# SUPPLIED ENTRIES
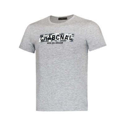男子夏季纯色时尚图案圆领休闲T恤 灰色 款号:11716
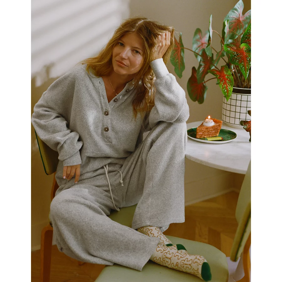 Aerie Bambi Real Soft® Piping Pajama Shirt – Smoked Gray
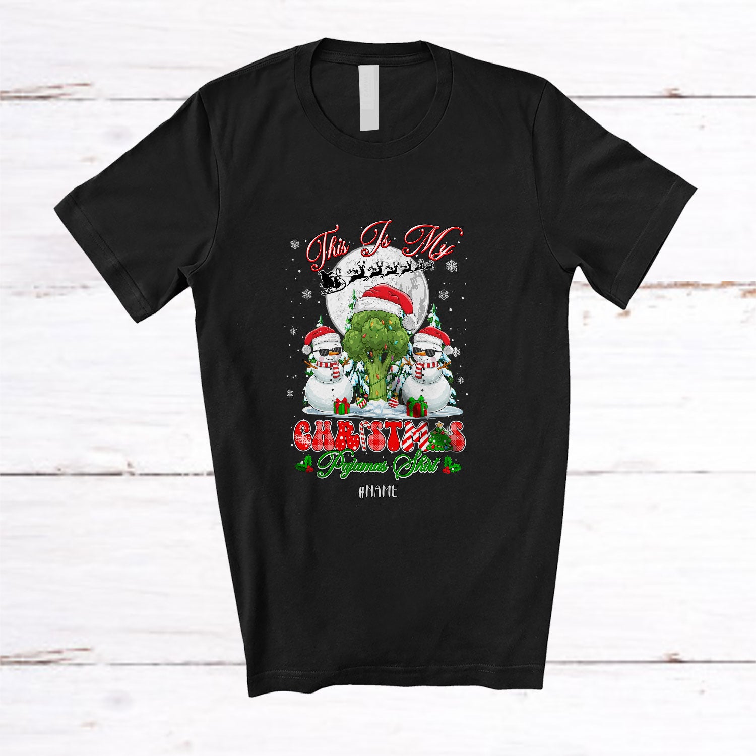 • Personalized Custom Name My Christmas Pajamas Shirt; Lovely Broccoli Snowman; Vegetable Vegan T-Shirt. This cotton t-shirt is a durable staple product with a classic fit. One of the most popular items, it has a relaxed style made for everyday and casual wear.
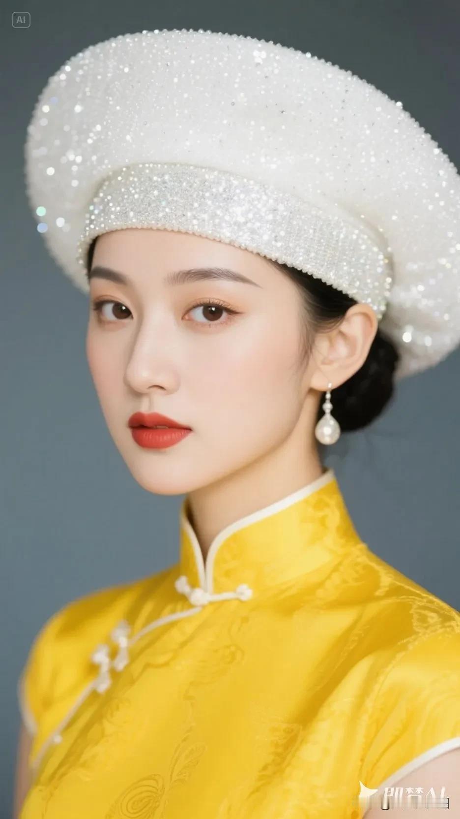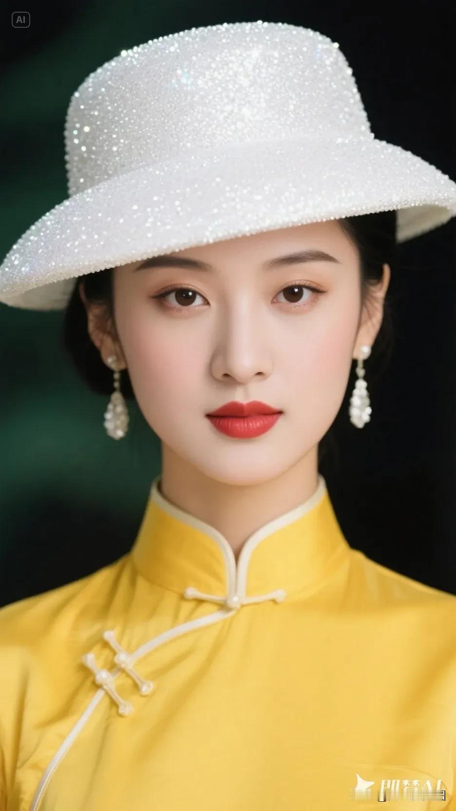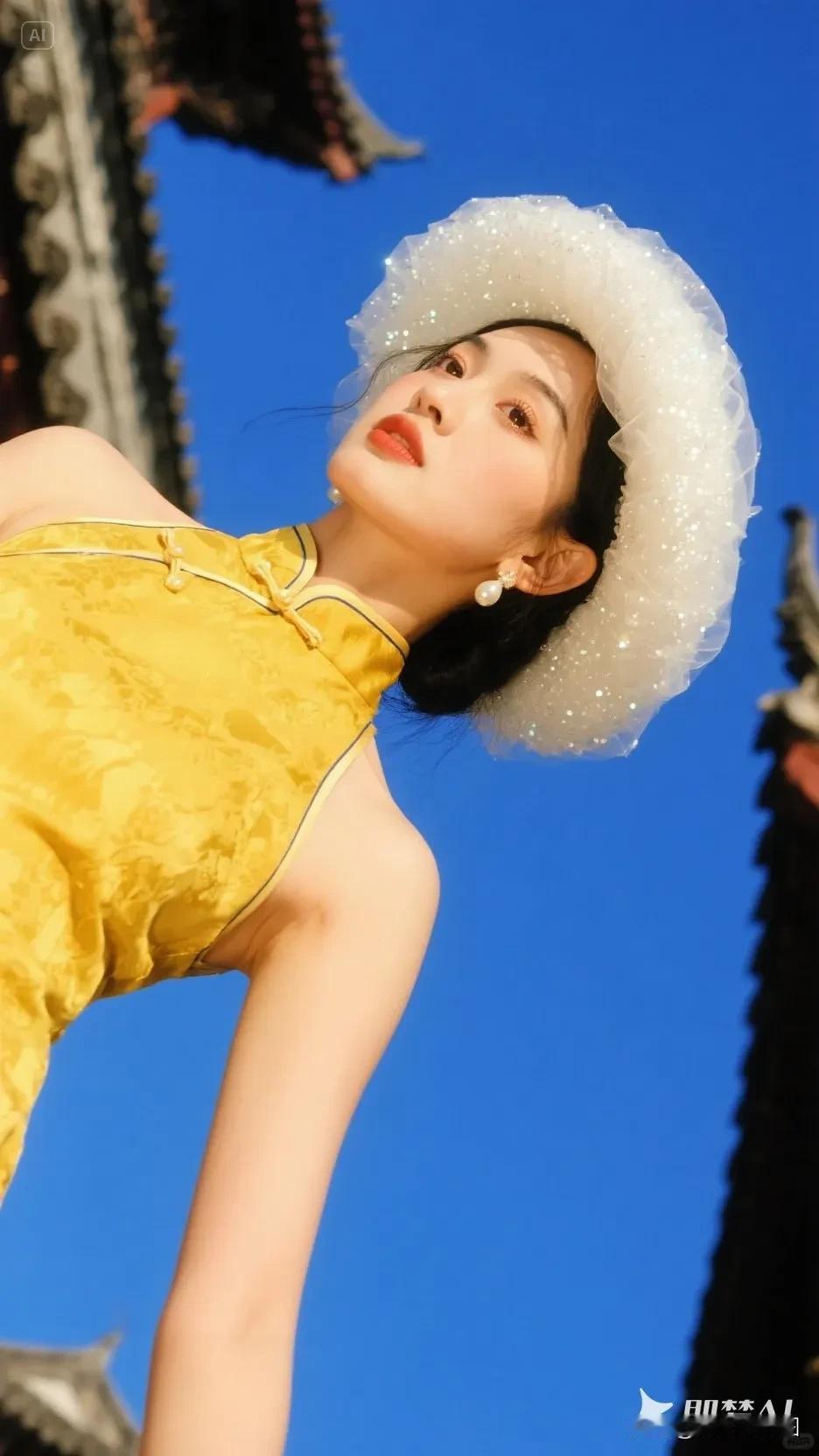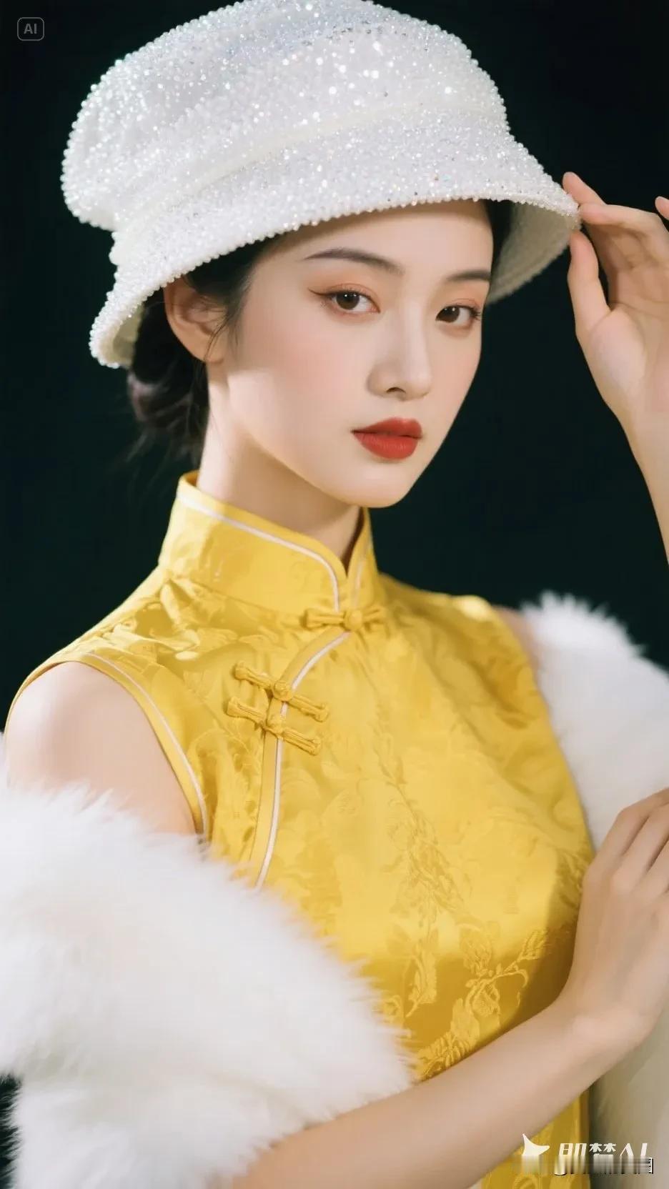 黄色帽子的旗袍美人,微笑美极了!
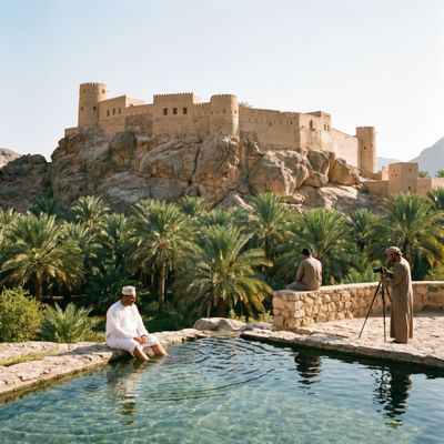 - Ochtend: Pak je spullen en rijd rustig van de hoge plateau-wereld naar lager gelegen landschappen; stop bij het imposante Nakhl Fort om stenen torens en palmentuinen te verkennen en te klimmen voor uitzicht, of kies voor ontspanning bij de warmwaterbronnen van Ain Al Thowarah en dompel je voeten in het mineralige water. Als je zekerheid wilt, boek je een lokale gids of een begeleide tour zodat vervoer, toelating en verhalen over de fortgeschiedenis geregeld zijn.

# ASSIGNMENT
Every line of the data above is to be repeated exactly; the images are to be left out.

# EXERCISE RESULT
男子夏季纯色时尚图案圆领休闲T恤 灰色 款号:11716
 Aerie Bambi Real Soft® Piping Pajama Shirt – Smoked Gray
 • Personalized Custom Name My Christmas Pajamas Shirt; Lovely Broccoli Snowman; Vegetable Vegan T-Shirt. This cotton t-shirt is a durable staple product with a classic fit. One of the most popular items, it has a relaxed style made for everyday and casual wear.
 黄色帽子的旗袍美人,微笑美极了!
 - Ochtend: Pak je spullen en rijd rustig van de hoge plateau-wereld naar lager gelegen landschappen; stop bij het imposante Nakhl Fort om stenen torens en palmentuinen te verkennen en te klimmen voor uitzicht, of kies voor ontspanning bij de warmwaterbronnen van Ain Al Thowarah en dompel je voeten in het mineralige water. Als je zekerheid wilt, boek je een lokale gids of een begeleide tour zodat vervoer, toelating en verhalen over de fortgeschiedenis geregeld zijn.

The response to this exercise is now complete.